### What you will do
Retype exactly what runs from the first line of the data to the line with "Spiderman left us", keeping both of those lines and skipping pictures.

[Start of section]

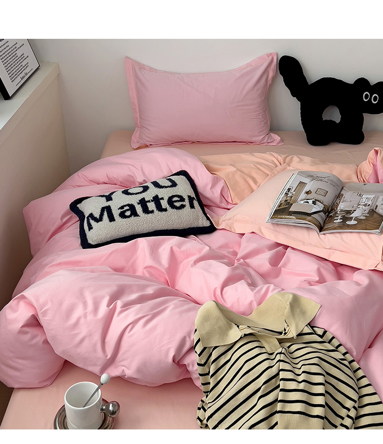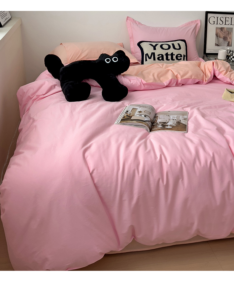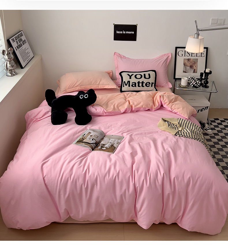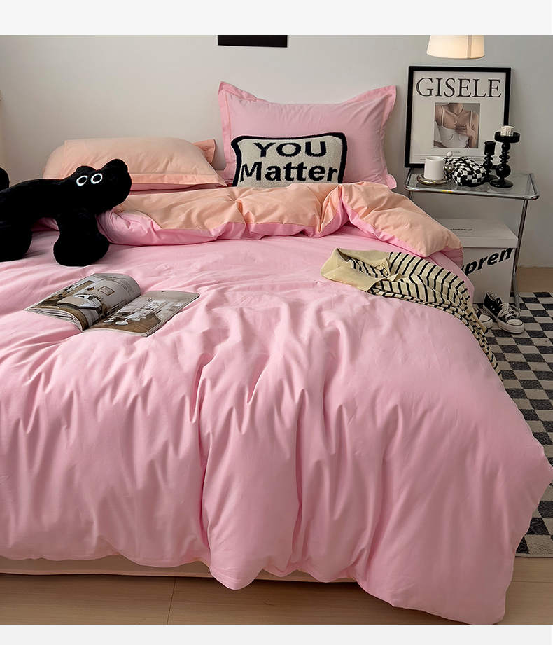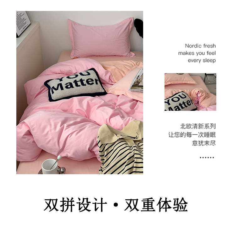 当前位置: 91家纺网 > 商品网购 > 床品套件 > 四件套 > 全棉普通四件套 > 恩泽家纺 2024新款全棉13372纯色双拼系列四件套 粉色+玉色
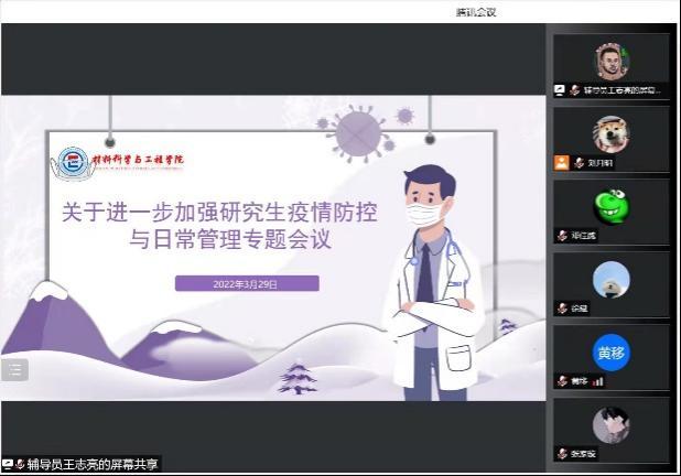 329日晚上20时,材料学院召开了关于进一步加强研究生疫情防控与日常管理培养线上专题会议,本次会议由研究生辅导员王志亮主持,院总支部副书记陈华副院长杨现锋出席,全体研究生参加。
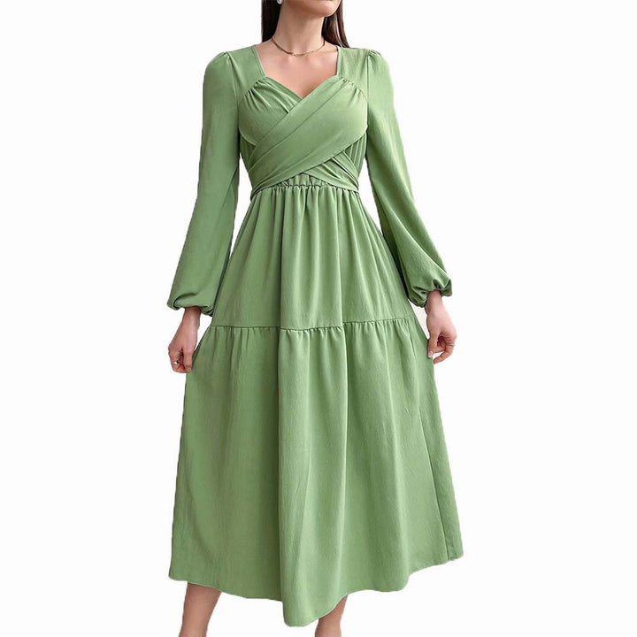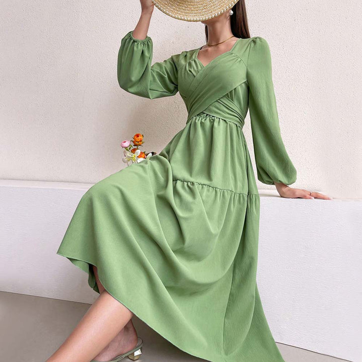 women's clothing elegant age-reducing dress autumn and winter small fresh and fashionable V-neck turquoise medium and long dress
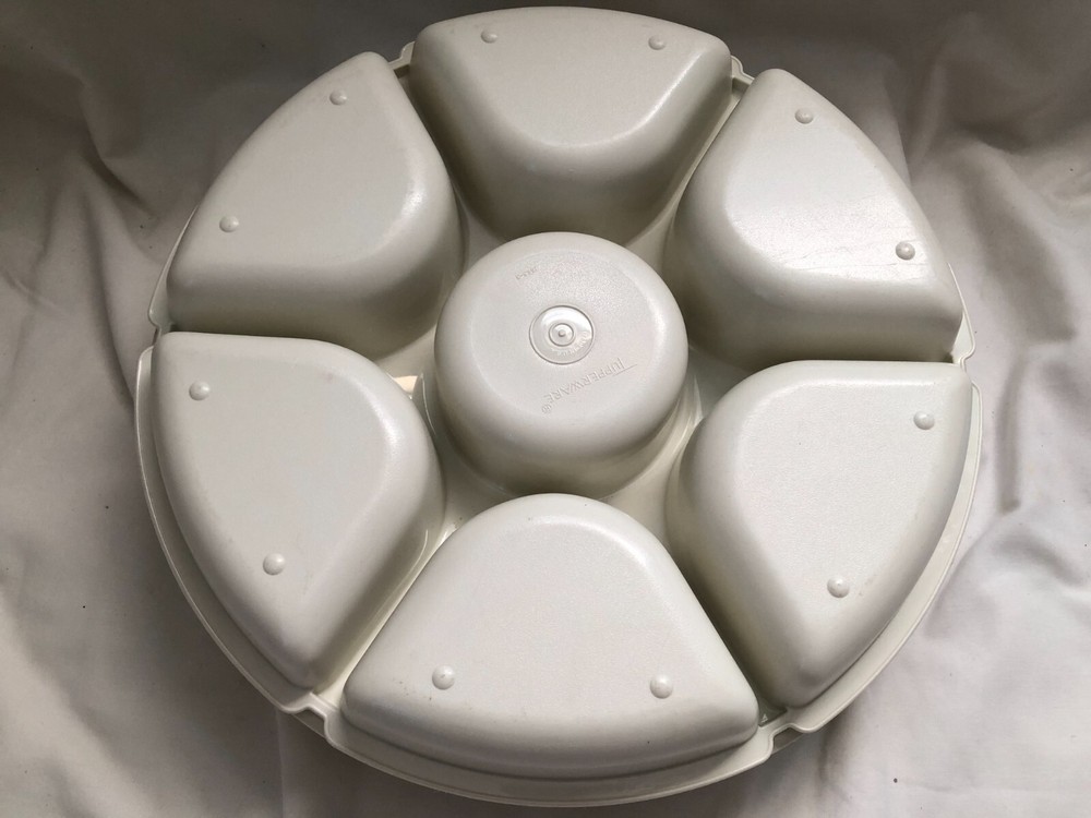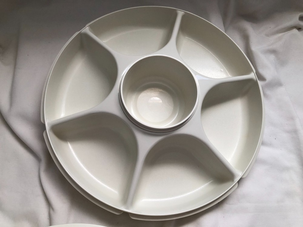 Vintage Tupperware Divided Veggie Chip Fruit Serving Party Tray W/Dip Bowl 1666-1 & 1665-3. In excellent, pre-owned condition, nice and clean. Comes from a smoke/pet free home. FAST SHIPPING!!!
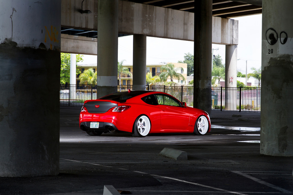 Spiderman left us his Hyundai Genesis Coupe 2.0 Turbo with Stitched Production for a photoshoot session while he saved the world. The good news was that we found a spot he could hang upside down and watch us do our magic while he waited! Introducing K3 Projekt Wheels slammed Gen coupe sporting a set of their Projekt 1 20″ wheels in a custom White complete wheel setup. Luckily it was a gorgeous day for a photoshoot, check out the pictures and follow us on:
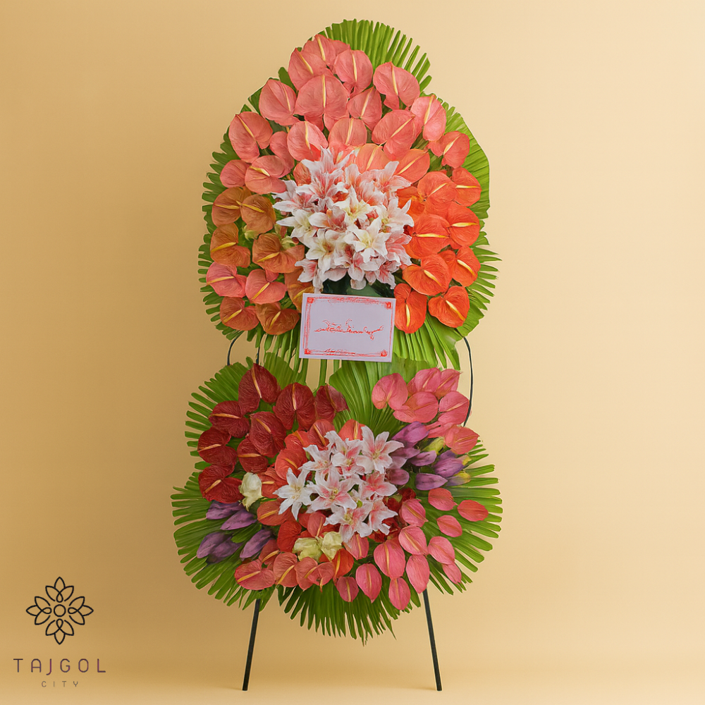 | برگ های سبز | این تاج گل با طراحی لوکس و رنگهای شاد برای مراسمهای رسمی و خاص مناسب است. |
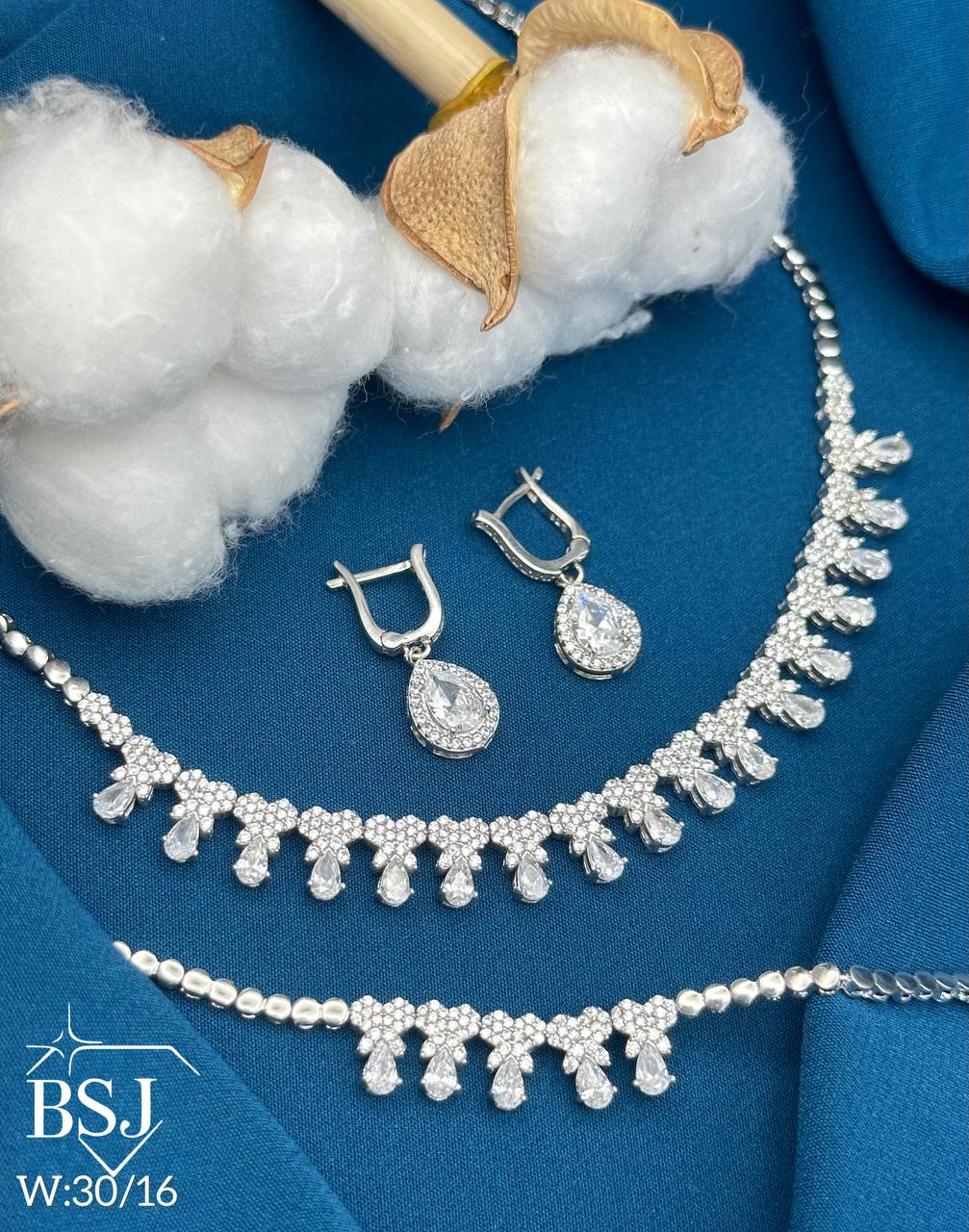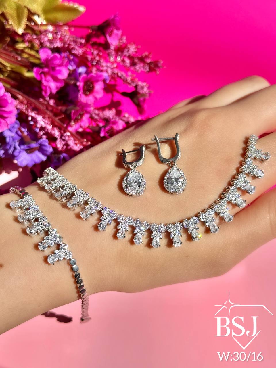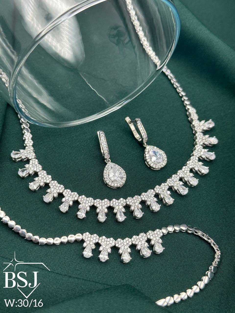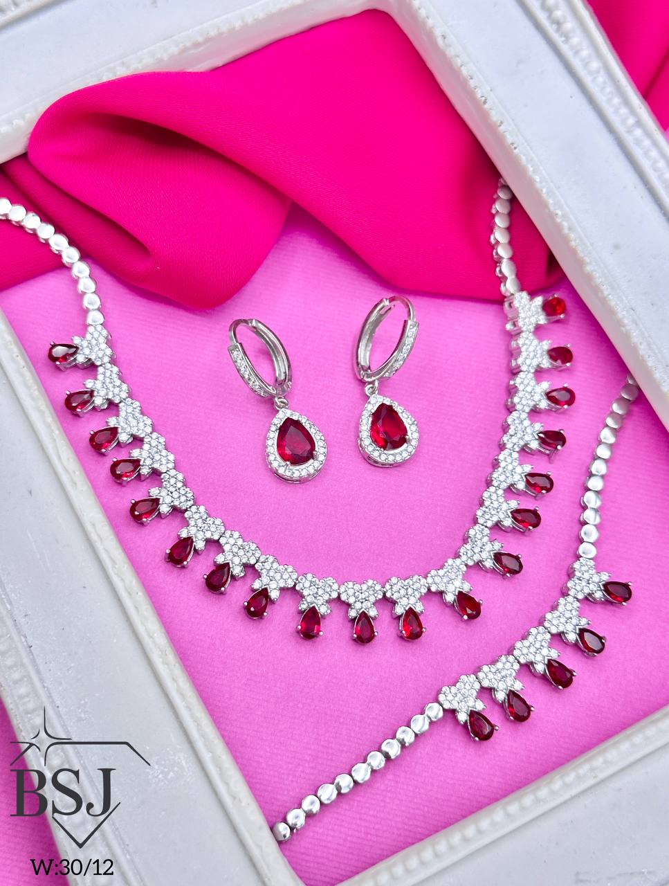 سرویس نقره جواهری زنانه BSJ_S290 از سرویس های اعیانی ساخته شده از نقره با عیار 925 می باشد.سنگ های به کار رفته در آن برلیان و از جنس اتمی زیرکونیا و نگین های سفید و قرمز سنتتیک (آزمایشگاهی) به شکل اشک می باشند که به صورت میکروستینگ مخراج کاری شده اند و در برابر ضربه مقاوم اند.آبکاری دو مرحله ای رودیوم (طلا سفید)، سبب کیفیت بی نظیر دوام رنگ آن شده است و به دلیل عدم استفاده از نیکل در ساختار آن، بدون حساسیت بوده و با پوست حساس سازگار است.به دلیل کیفیت فوق العاده و درخشش عالی سنگ ها، تفاوتی با نمونه طلا ندارد.وزن سرویس 30.16 گرم می باشد.

[End of section]

### Answer to this task
 当前位置: 91家纺网 > 商品网购 > 床品套件 > 四件套 > 全棉普通四件套 > 恩泽家纺 2024新款全棉13372纯色双拼系列四件套 粉色+玉色
 329日晚上20时,材料学院召开了关于进一步加强研究生疫情防控与日常管理培养线上专题会议,本次会议由研究生辅导员王志亮主持,院总支部副书记陈华副院长杨现锋出席,全体研究生参加。
 women's clothing elegant age-reducing dress autumn and winter small fresh and fashionable V-neck turquoise medium and long dress
 Vintage Tupperware Divided Veggie Chip Fruit Serving Party Tray W/Dip Bowl 1666-1 & 1665-3. In excellent, pre-owned condition, nice and clean. Comes from a smoke/pet free home. FAST SHIPPING!!!
 Spiderman left us his Hyundai Genesis Coupe 2.0 Turbo with Stitched Production for a photoshoot session while he saved the world. The good news was that we found a spot he could hang upside down and watch us do our magic while he waited! Introducing K3 Projekt Wheels slammed Gen coupe sporting a set of their Projekt 1 20″ wheels in a custom White complete wheel setup. Luckily it was a gorgeous day for a photoshoot, check out the pictures and follow us on:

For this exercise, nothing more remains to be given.